Gender diversity is (also) good for business

With the inclusion of larger numbers of women in the workforce, global GDP could increase by £23 trillion in 2025

Gea Alessi
Gea Alessi NewsMavens, Europe
Gender diversity is (also) good for business - NewsMavens
Woman in office, PixaBay

Why this story matters:

Statistics show that companies which have a balanced number of female and male staff perform 15% better. To check on the situation in traditionally male-dominated sectors, packaging supplier firm Rajapack collected the experiences of 10 women in leadership positions. Whether in the field of engineering, construction or packaging, the result is always the same: more inclusion and equality benefits everyone.

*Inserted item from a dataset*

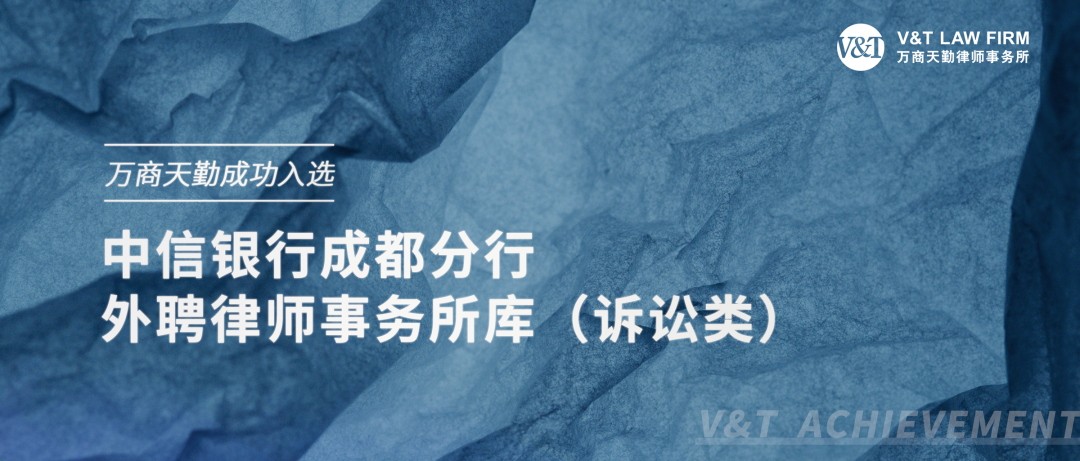 V&T 业绩|万商天勤入选中信银行成都分行外聘律师事务所库(诉讼类)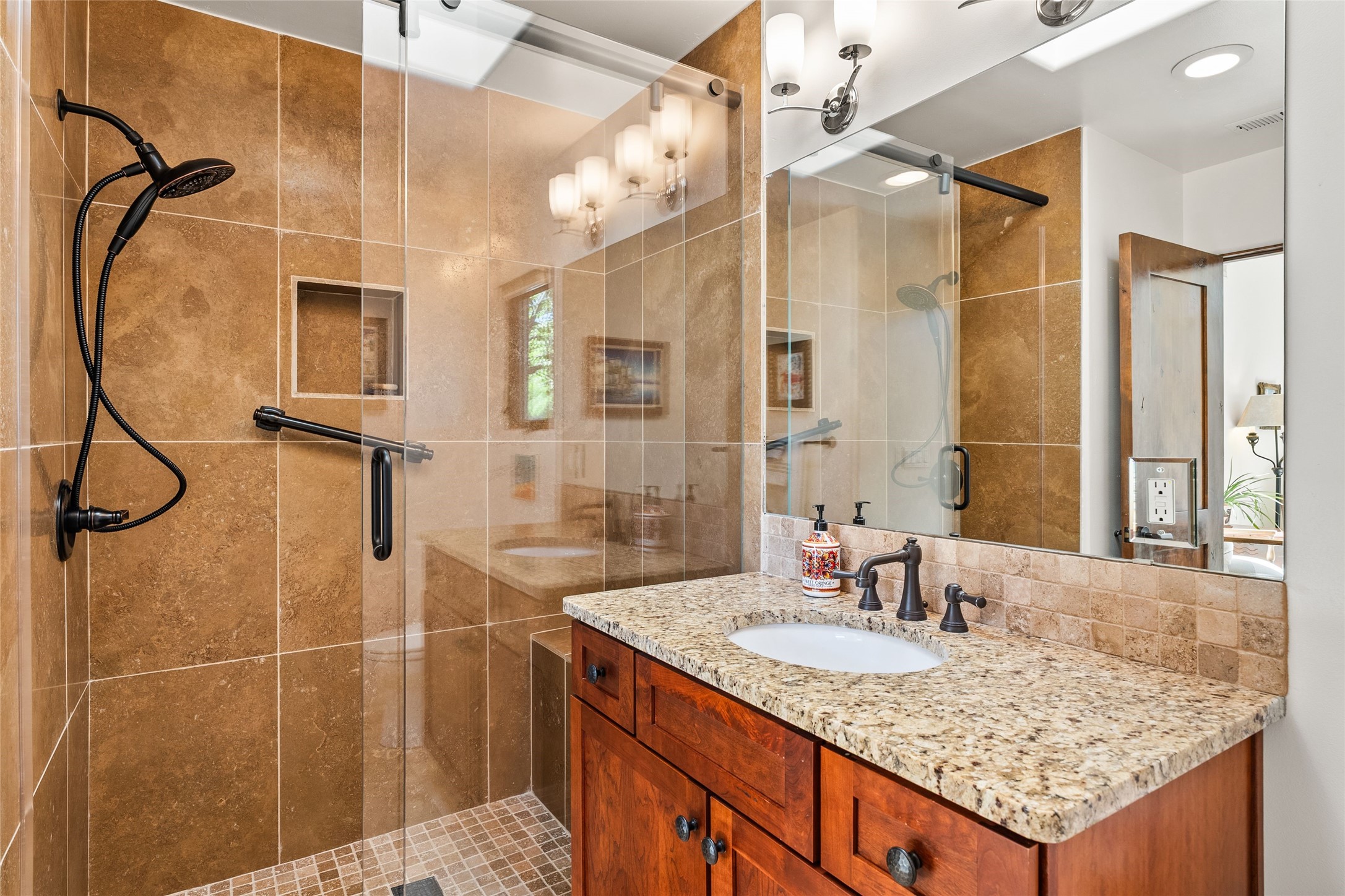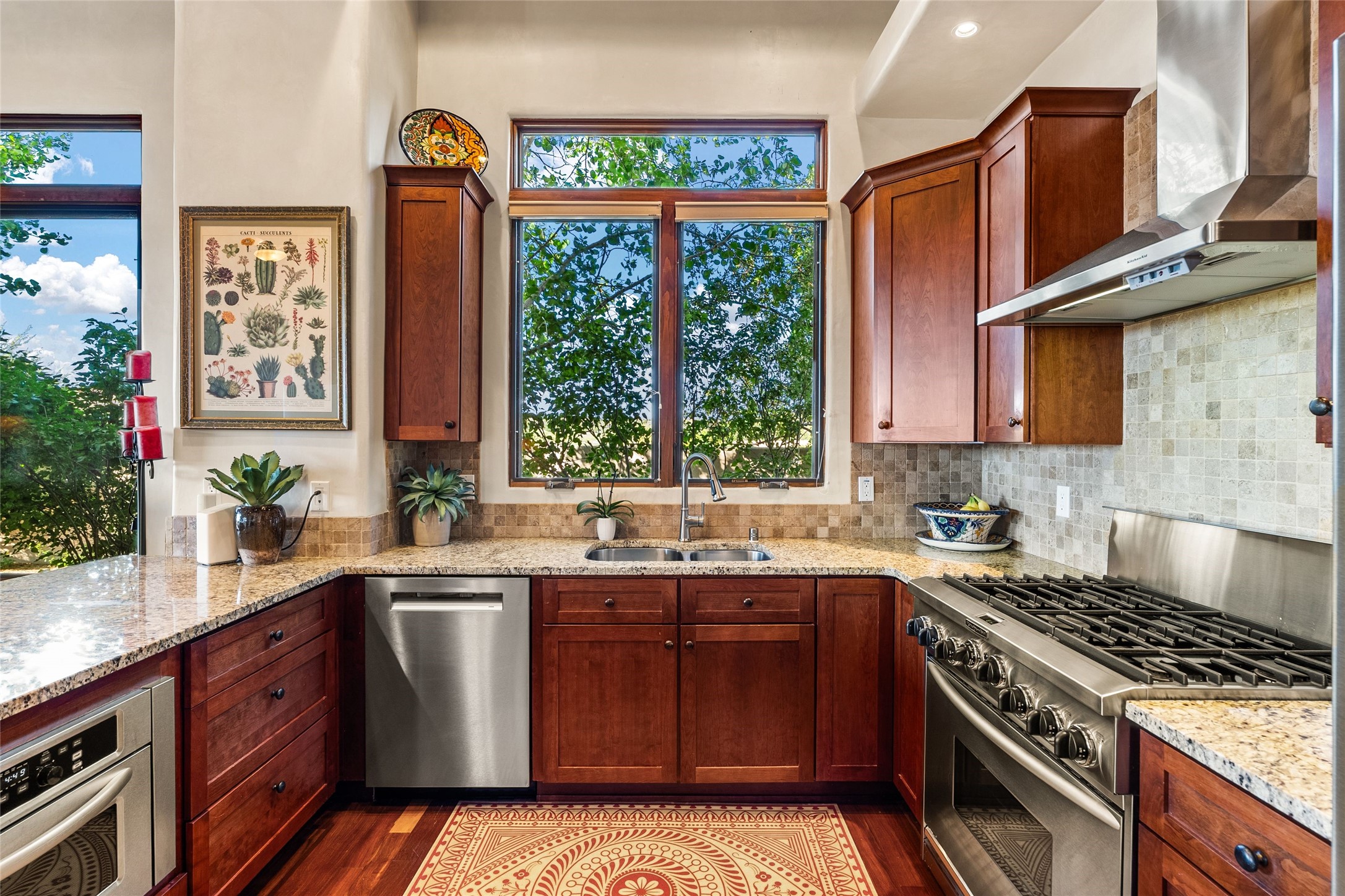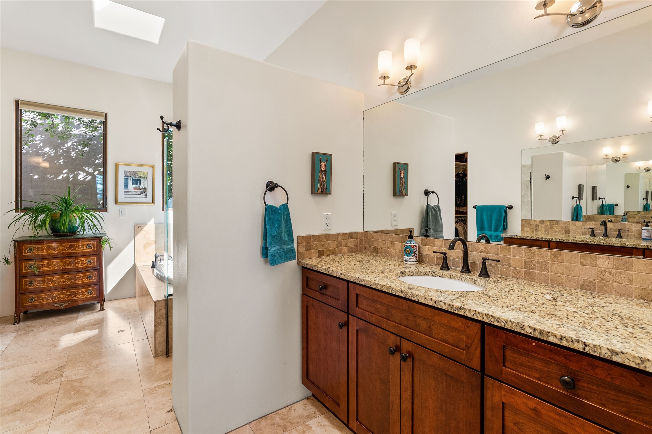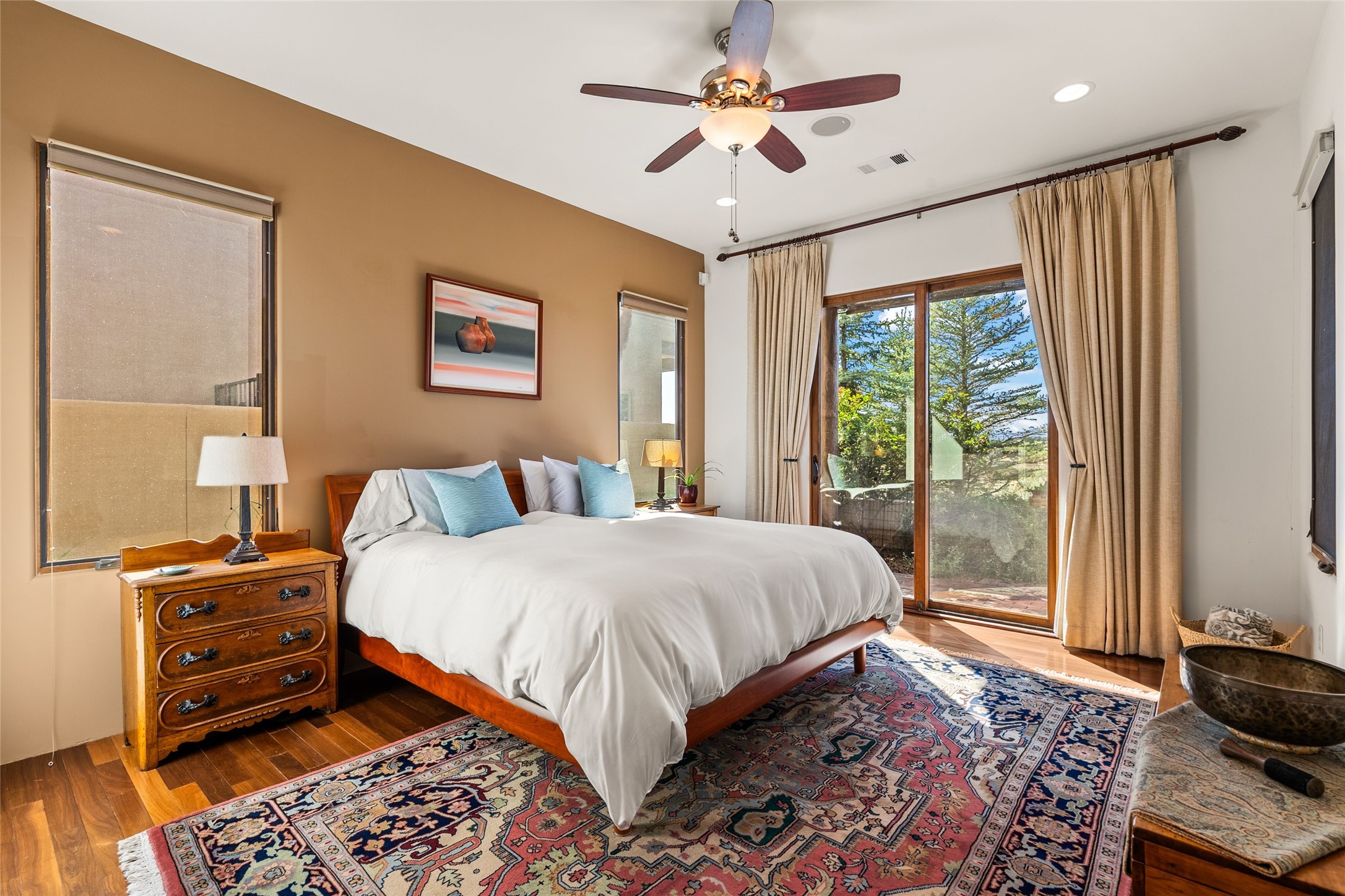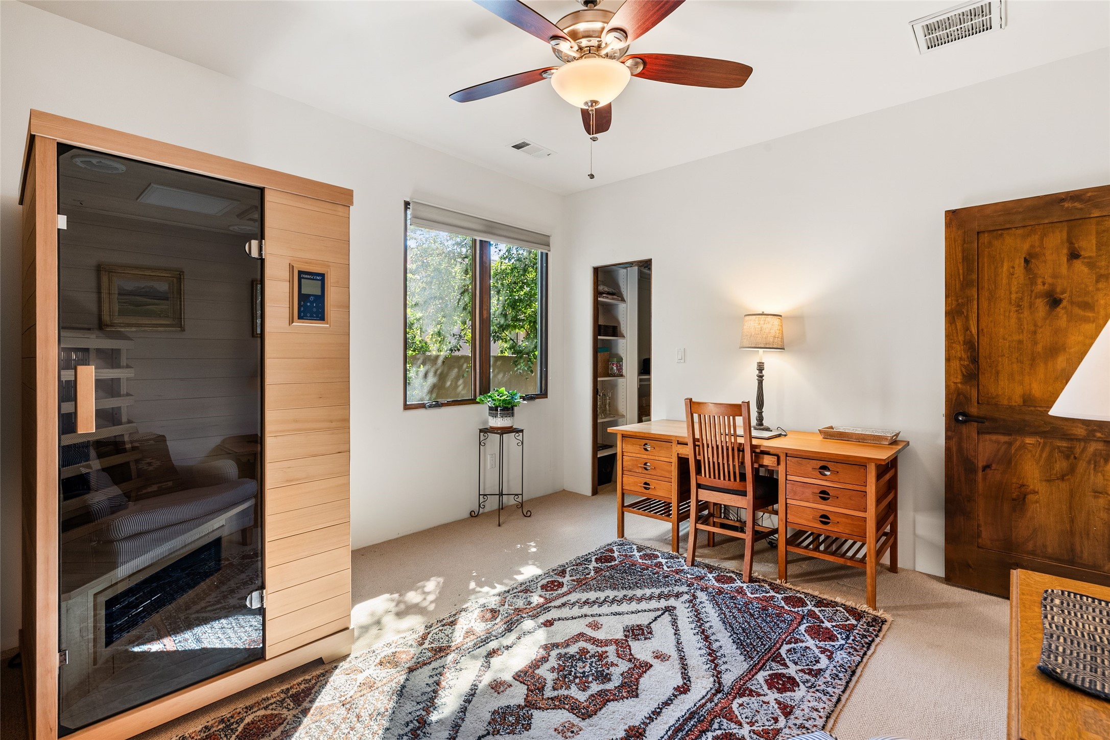 Enjoy Panoramic views of the Golf Course as well as the Jemez & Sangre de Cristo Mountainsfrom this 3 Bed / 3 Bath "Lock & Leave" home with a private, detached casita, located on anelevated corner lot in Gated Las Campanas. Double courtyard doors lead to a private oasiswith a brick patio surrounded by mature trees, flagstone walkways & a soothing outdoor waterfeature. Dining al fresco with a Mountain view is your choice at either of 2 outdoor wood-burning fireplaces. Upon entering the home, 2 hand-hewn doors open to a full-length foyerwindow looking into an inviting entry courtyard, awaiting the perfect sculpture or water feature.The Living / Dining area is an open concept layout with a gas fireplace plus 2 sliding doors thatlead to the Back Portal with Golf Course & Jemez Views. The Kitchen includes a 36"KitchenAid 6-Burner Gas Range/Oven, Microwave, Bosch Dishwasher, Whirlpool French DoorRefrigerator & large bar for casual meals. The Master Bedroom Suite enjoys the same Golf &Jemez views with its own private patio, en-suite bathroom with 2 separate sinks, walk-in closet,glass walk-in shower, deep soaking tub & compartmented water closet. Bedroom Two issequestered from the Master and has direct access to Bath Two. Steps away from the mainhome, through the entry courtyard, guests will be delighted with the welcoming 1 Bed / 1 BathCasita with a wet bar, microwave & refrigerator. This Lock & Leave home with Golf Course,Jemez & Sangre de Cristo Mountain views is the perfect Santa Fe get-away or primary homefor the ultimate Santa Fe lifestyle.

What many of the interviewed women stressed is that in these industries there is a need for more positive role models. It will help in burying the stereotype of "women’s jobs" and "men’s jobs" and in encouraging young girls to pursue a career in sectors they might assume are "not for them".                                     

They also agree on the fact that progress towards gender diversity has indeed taken place, but slowly. Gender biases are still deeply-rooted in these sectors. Emma Porter, who is Head of Operations for Story Contracting, asserts that, no matter her 10 years’ experience, she has to reaffirm her abilities with every new team, or the risk of being patronized is likely to be high.  

“We need to make it clear just how widespread the problem is: major companies should publish precise figures about the exact proportion of women they have in their workforces." 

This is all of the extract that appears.